REQUIREMENT:
Within the entries below, output exactly the lines between the line containing "Een hanger in" and the line containing "Расклешенные от колена", inclusive, and omit any picture.

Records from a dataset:
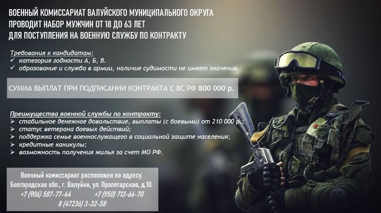 Набор добровольцев на военную службу по контракту в городе Валуйки!
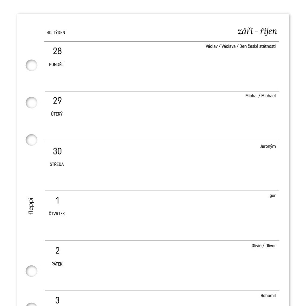 Naše náplně do diářů vám umožní přizpůsobit plánování přesně podle vašich potřeb a stylu. Základní kalendář nabízí dny v přehledné posloupnosti, ale pokud preferujete mít jednotlivé měsíce oddělené, můžete si k náplni přikoupit praktická rozšíření pro jejich rozdělení. Chcete mezi měsíce přidat rozdělovače nebo plánovací listy? Žádný problém.
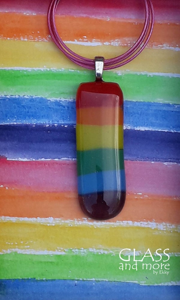 Een hanger in de regenboogkleuren, die ook gedragen kan worden. De basis van de hanger is hetzelfde maar ze kunnen er iets anders uit zien.
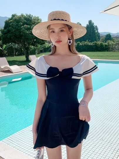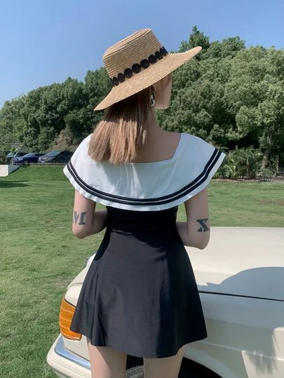 Sexy Sailor Collar Slim One-piece Swimsuit
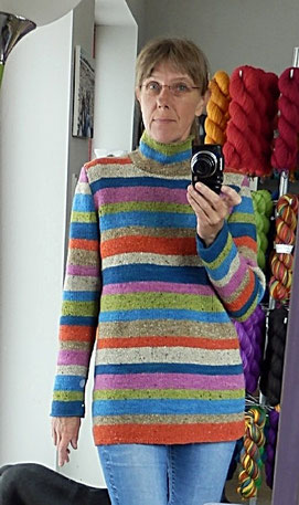 Ringelding aus Soft Donegal ist ein extralanger klassicher Pullover und wird in Einzelteilen von unten nach oben gestrickt. Vorder- und Rückenteil sind leicht A-linienförmig geschnitten. Die Schultern werden mit verkürzten Reihen gearbeitet. Die Schulternähte werden mit der 3-Nadel-Abbindetechnik zusammengestrickt. Die Ärmel erhalten eine Armkugel und müssen eingenäht werden. Die Saumblenden sowie die Kragenabschlusskante werden nach dem Zusammennähen in Runden angehäkelt. Der Kragen wird in Runden gestrickt.
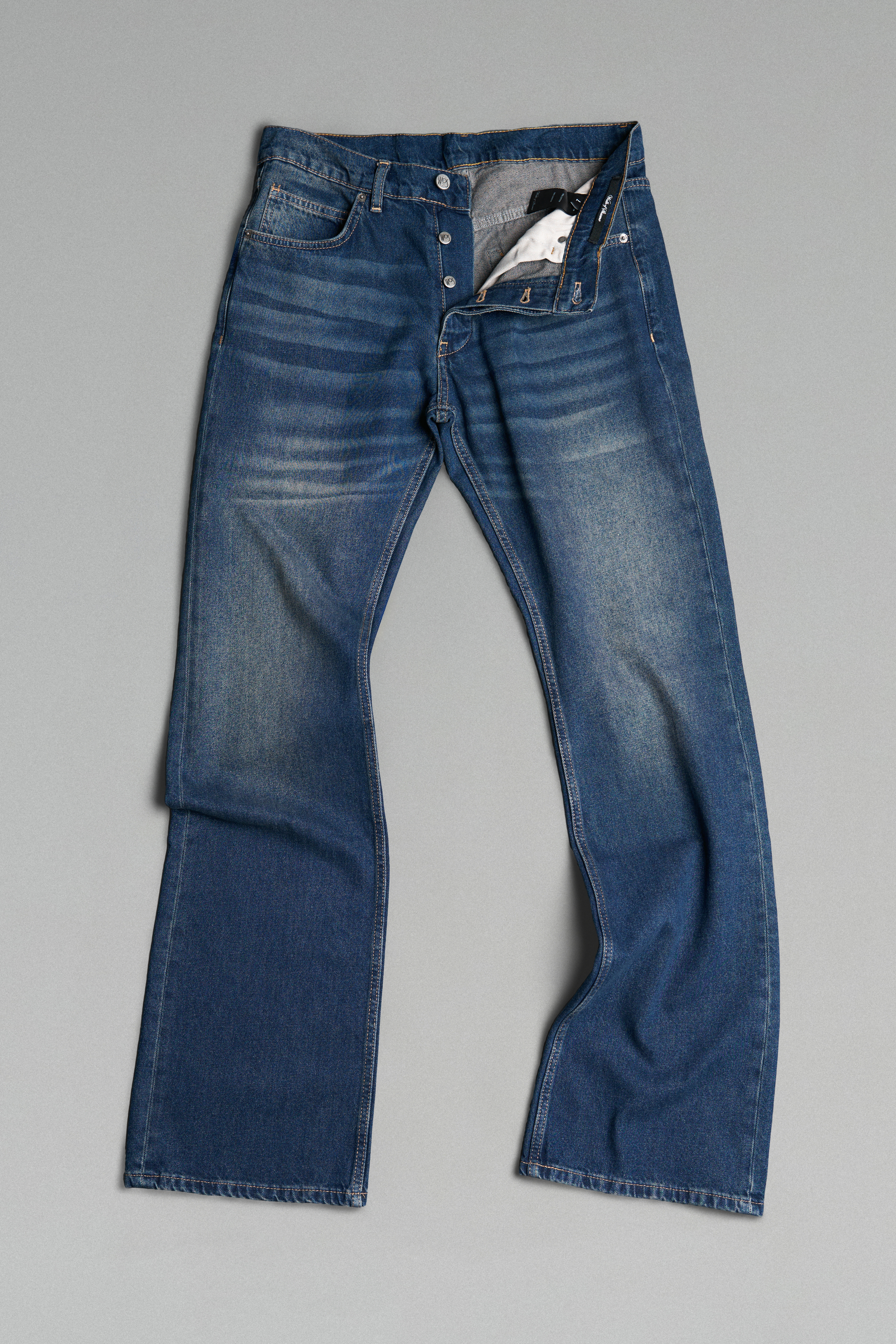 Расклешенные от колена джинсы со средней посадкой. Пять карманов. Застежка на ряд металлических брендированных пуговиц.
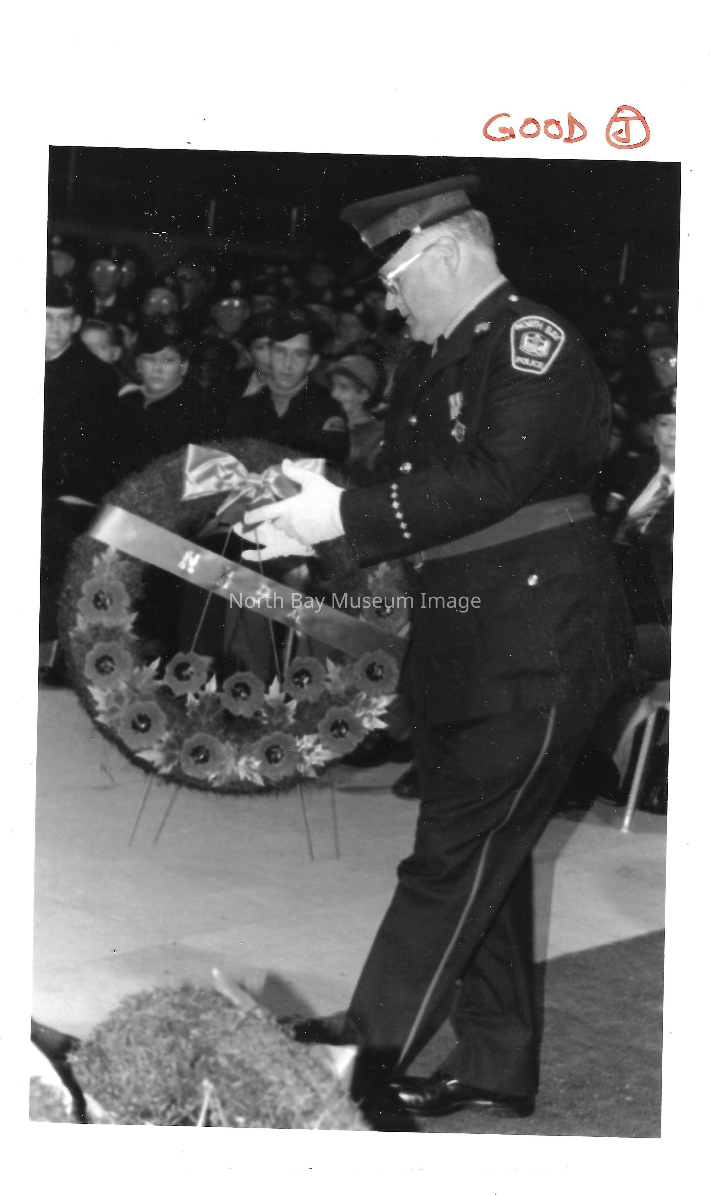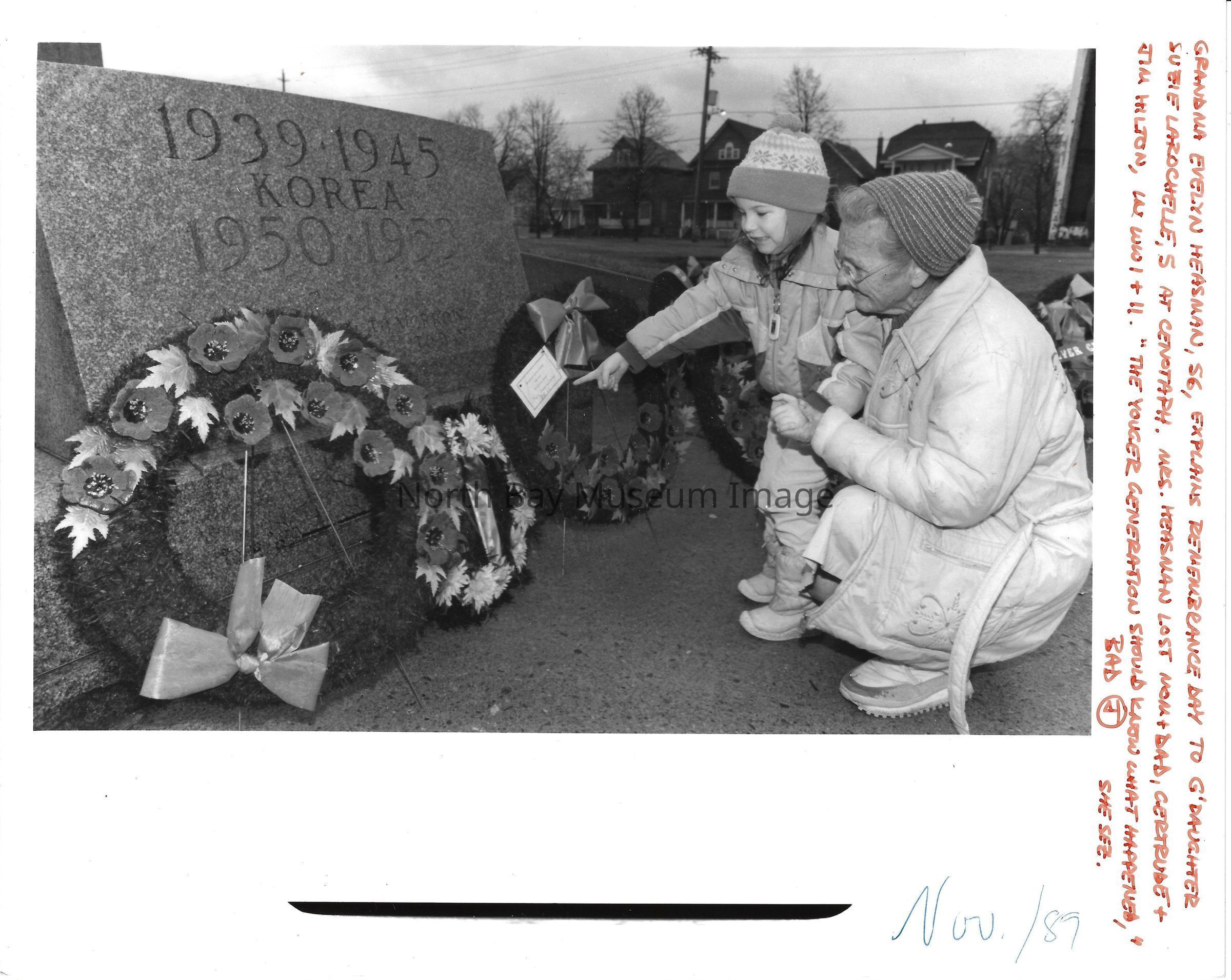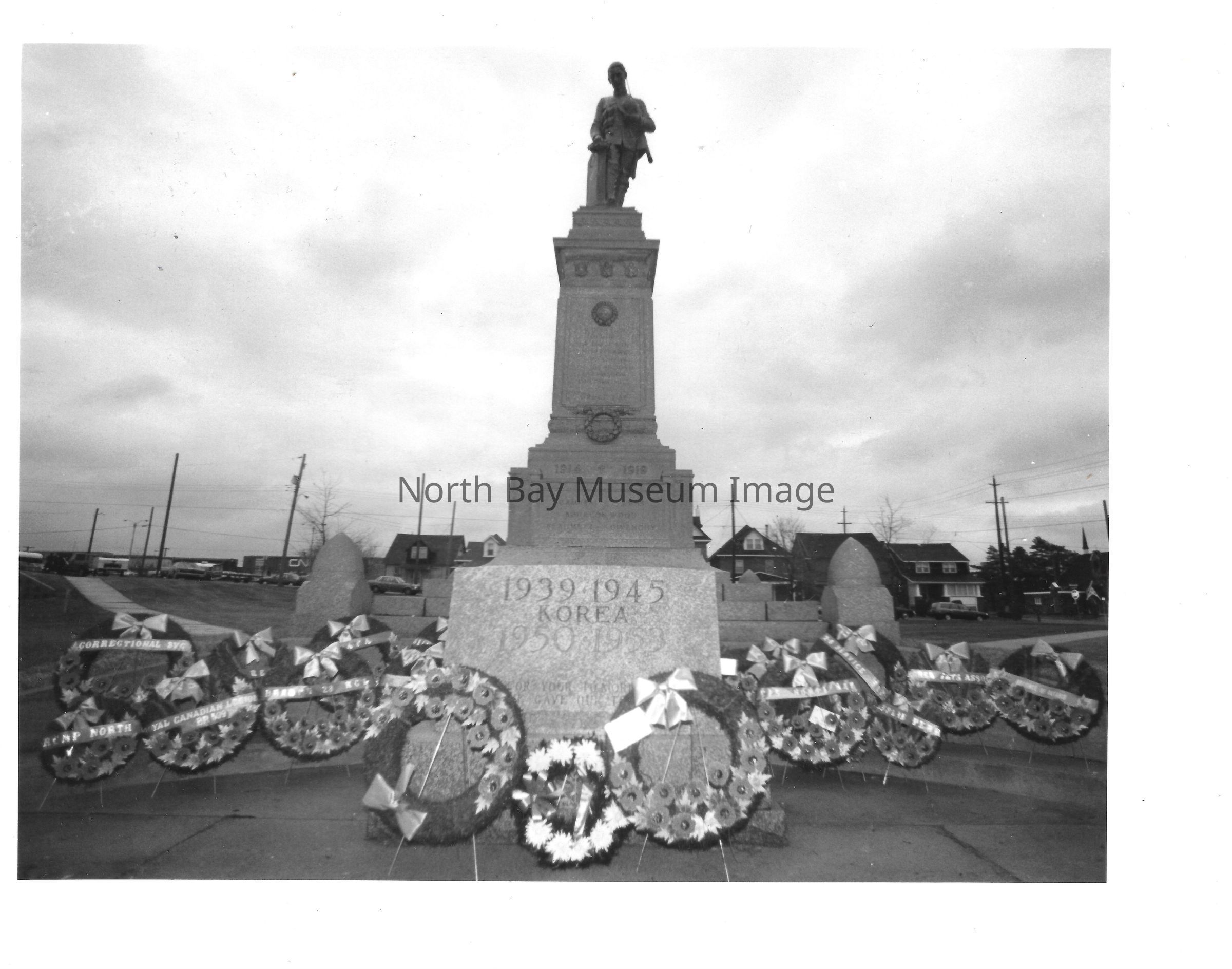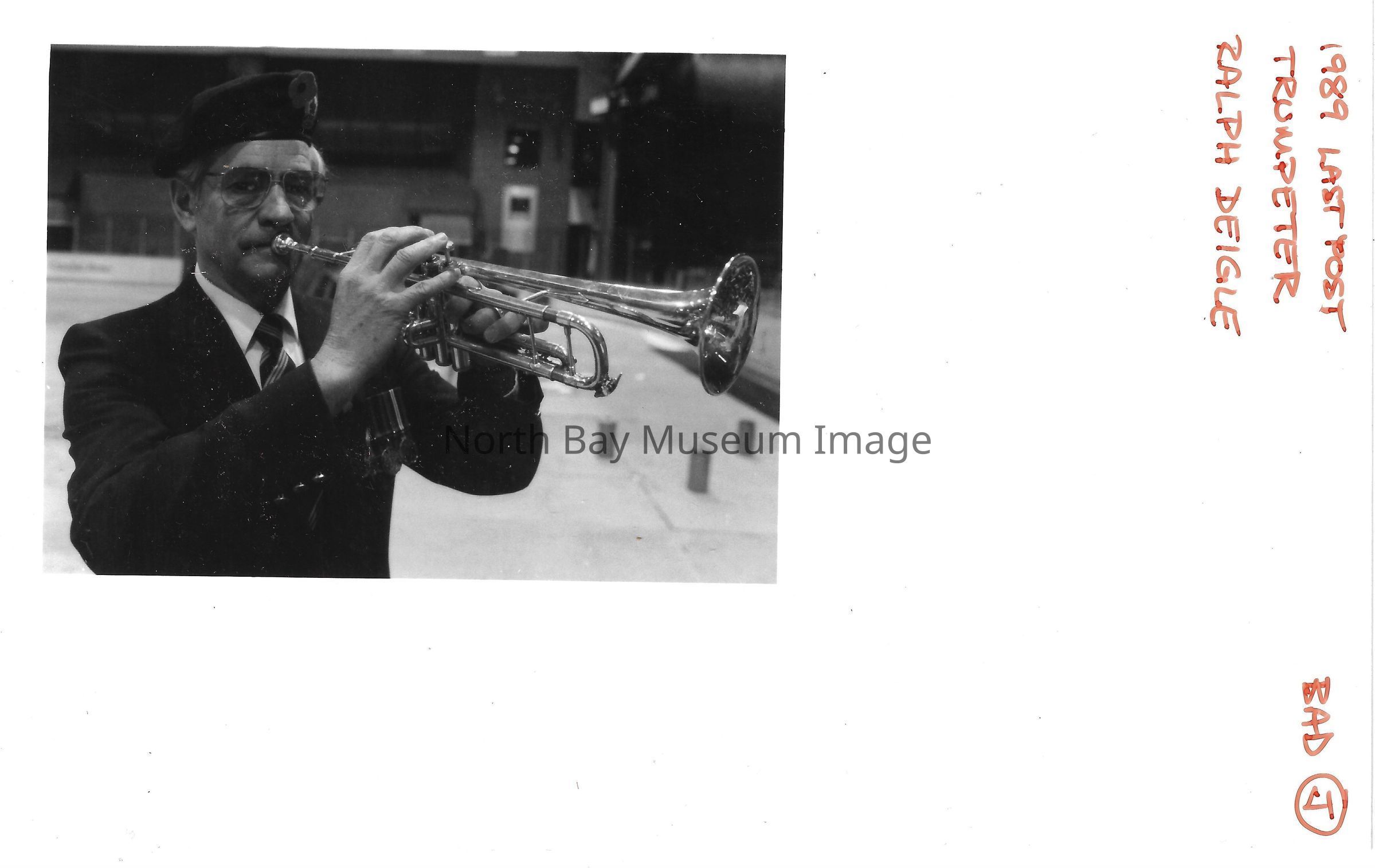 Photos of veterans, servicemen, and musicians at memorial park on remembrance day. 022.01.80as: Media information packet for remembrance day 1983.

OUTPUT:
 Een hanger in de regenboogkleuren, die ook gedragen kan worden. De basis van de hanger is hetzelfde maar ze kunnen er iets anders uit zien.
 Sexy Sailor Collar Slim One-piece Swimsuit
 Ringelding aus Soft Donegal ist ein extralanger klassicher Pullover und wird in Einzelteilen von unten nach oben gestrickt. Vorder- und Rückenteil sind leicht A-linienförmig geschnitten. Die Schultern werden mit verkürzten Reihen gearbeitet. Die Schulternähte werden mit der 3-Nadel-Abbindetechnik zusammengestrickt. Die Ärmel erhalten eine Armkugel und müssen eingenäht werden. Die Saumblenden sowie die Kragenabschlusskante werden nach dem Zusammennähen in Runden angehäkelt. Der Kragen wird in Runden gestrickt.
 Расклешенные от колена джинсы со средней посадкой. Пять карманов. Застежка на ряд металлических брендированных пуговиц.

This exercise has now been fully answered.